# Your instructions:
In the records below, find the line that contains "Once a new record" and the line that contains "Laubsägevorlage für fünf"; write out exactly those two lines and everything between them, without the pictures.

# Dataset content:
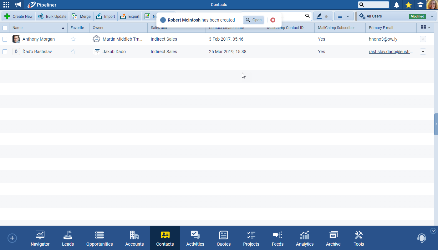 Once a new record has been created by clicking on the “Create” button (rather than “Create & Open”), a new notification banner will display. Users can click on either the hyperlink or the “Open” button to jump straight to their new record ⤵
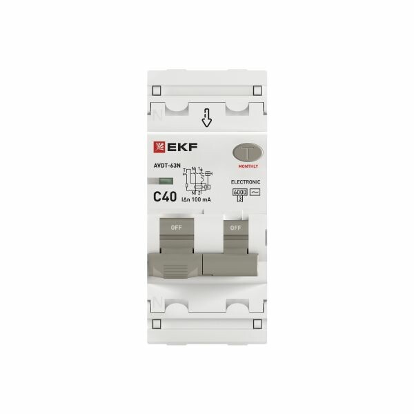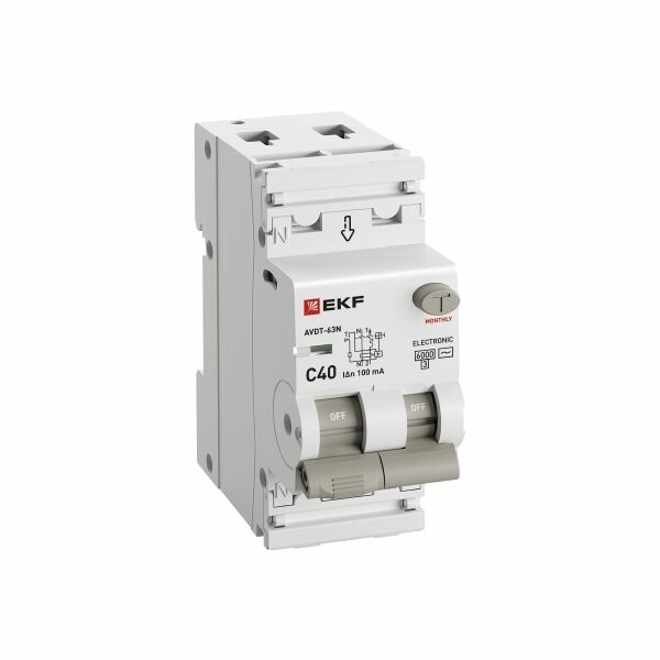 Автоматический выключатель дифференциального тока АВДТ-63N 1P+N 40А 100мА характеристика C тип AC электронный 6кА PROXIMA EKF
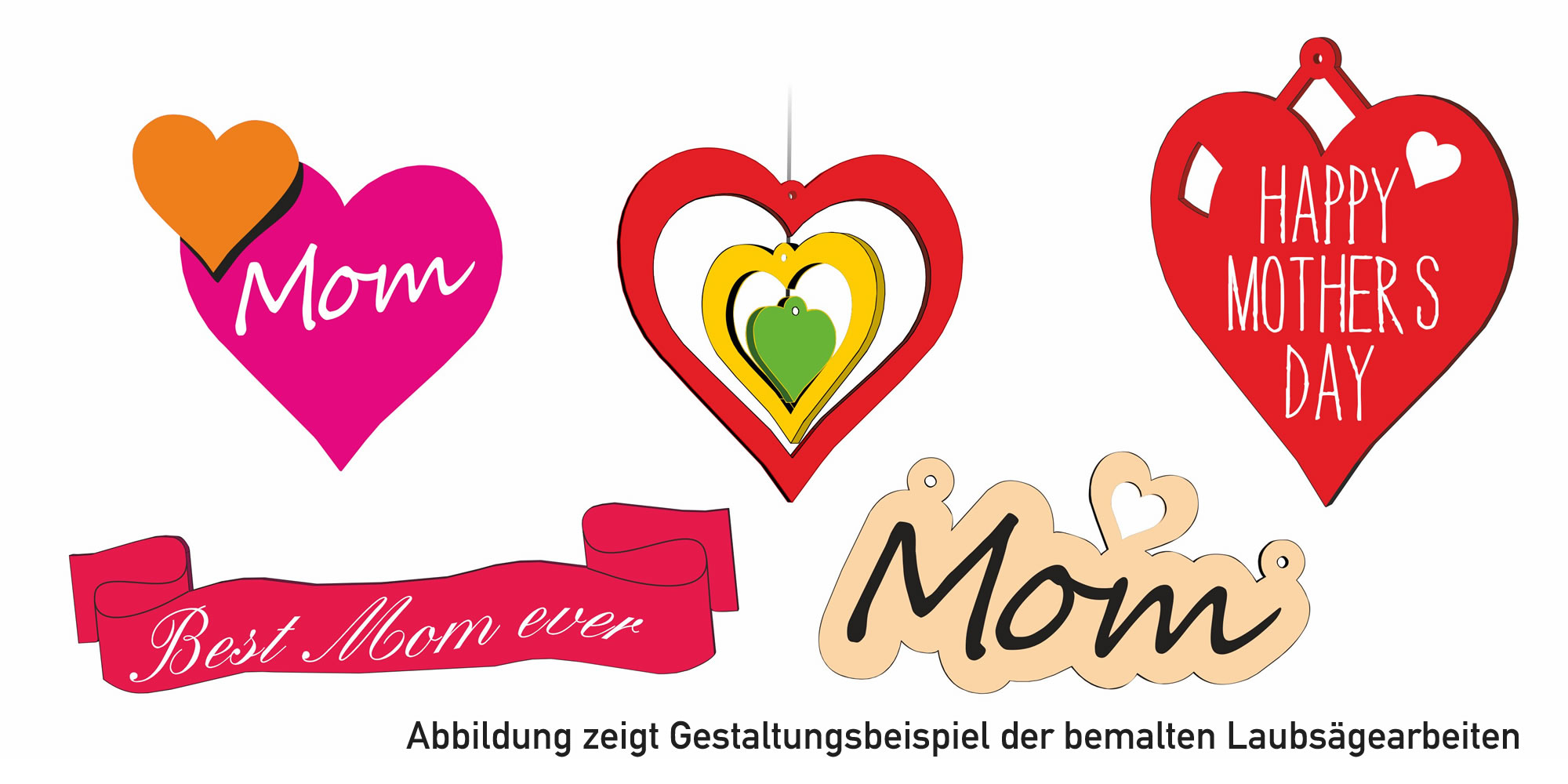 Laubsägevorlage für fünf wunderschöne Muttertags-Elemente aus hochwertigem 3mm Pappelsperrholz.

==

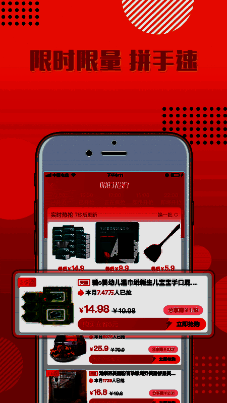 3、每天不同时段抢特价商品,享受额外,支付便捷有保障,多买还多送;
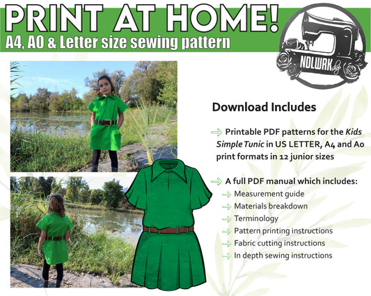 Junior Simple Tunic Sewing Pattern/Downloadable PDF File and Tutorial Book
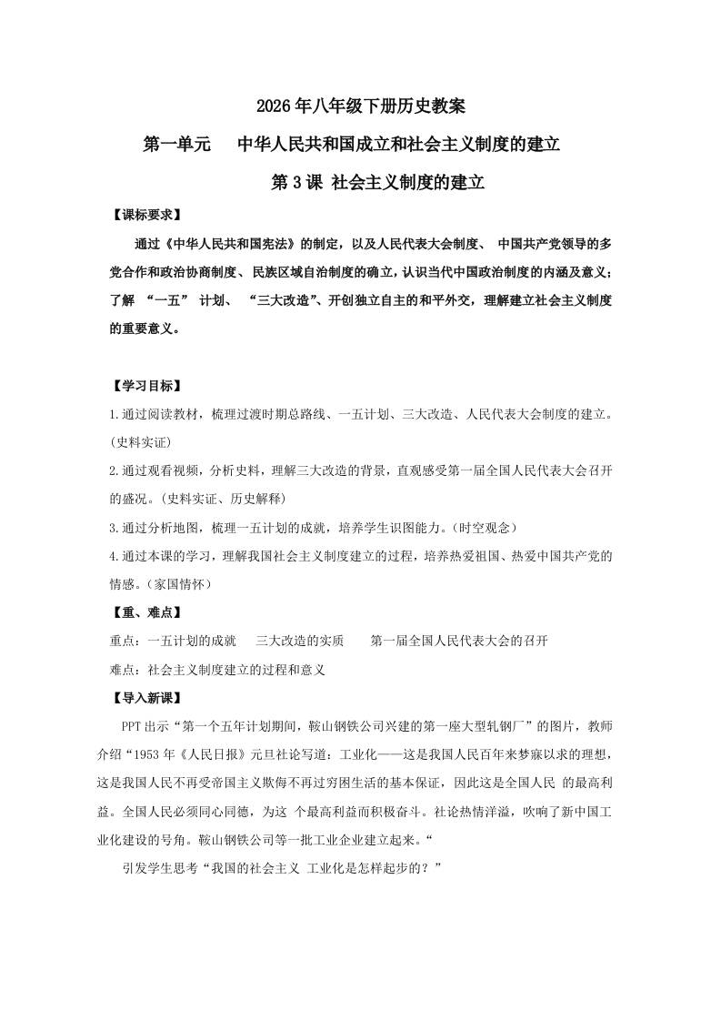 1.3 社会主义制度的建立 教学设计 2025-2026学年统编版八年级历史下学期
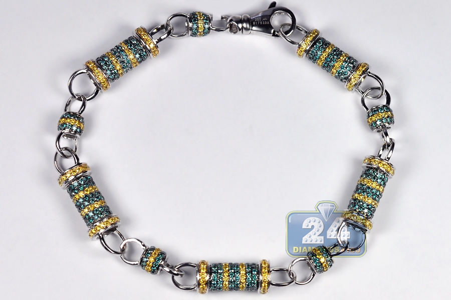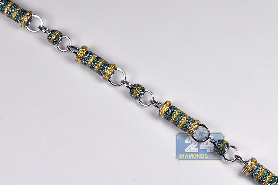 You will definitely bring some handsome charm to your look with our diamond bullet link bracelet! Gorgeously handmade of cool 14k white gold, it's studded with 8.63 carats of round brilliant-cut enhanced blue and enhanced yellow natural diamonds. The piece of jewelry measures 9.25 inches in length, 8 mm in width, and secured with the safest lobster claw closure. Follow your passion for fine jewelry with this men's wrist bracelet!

# Worked solution:
 Once a new record has been created by clicking on the “Create” button (rather than “Create & Open”), a new notification banner will display. Users can click on either the hyperlink or the “Open” button to jump straight to their new record ⤵
 Автоматический выключатель дифференциального тока АВДТ-63N 1P+N 40А 100мА характеристика C тип AC электронный 6кА PROXIMA EKF
 Laubsägevorlage für fünf wunderschöne Muttertags-Elemente aus hochwertigem 3mm Pappelsperrholz.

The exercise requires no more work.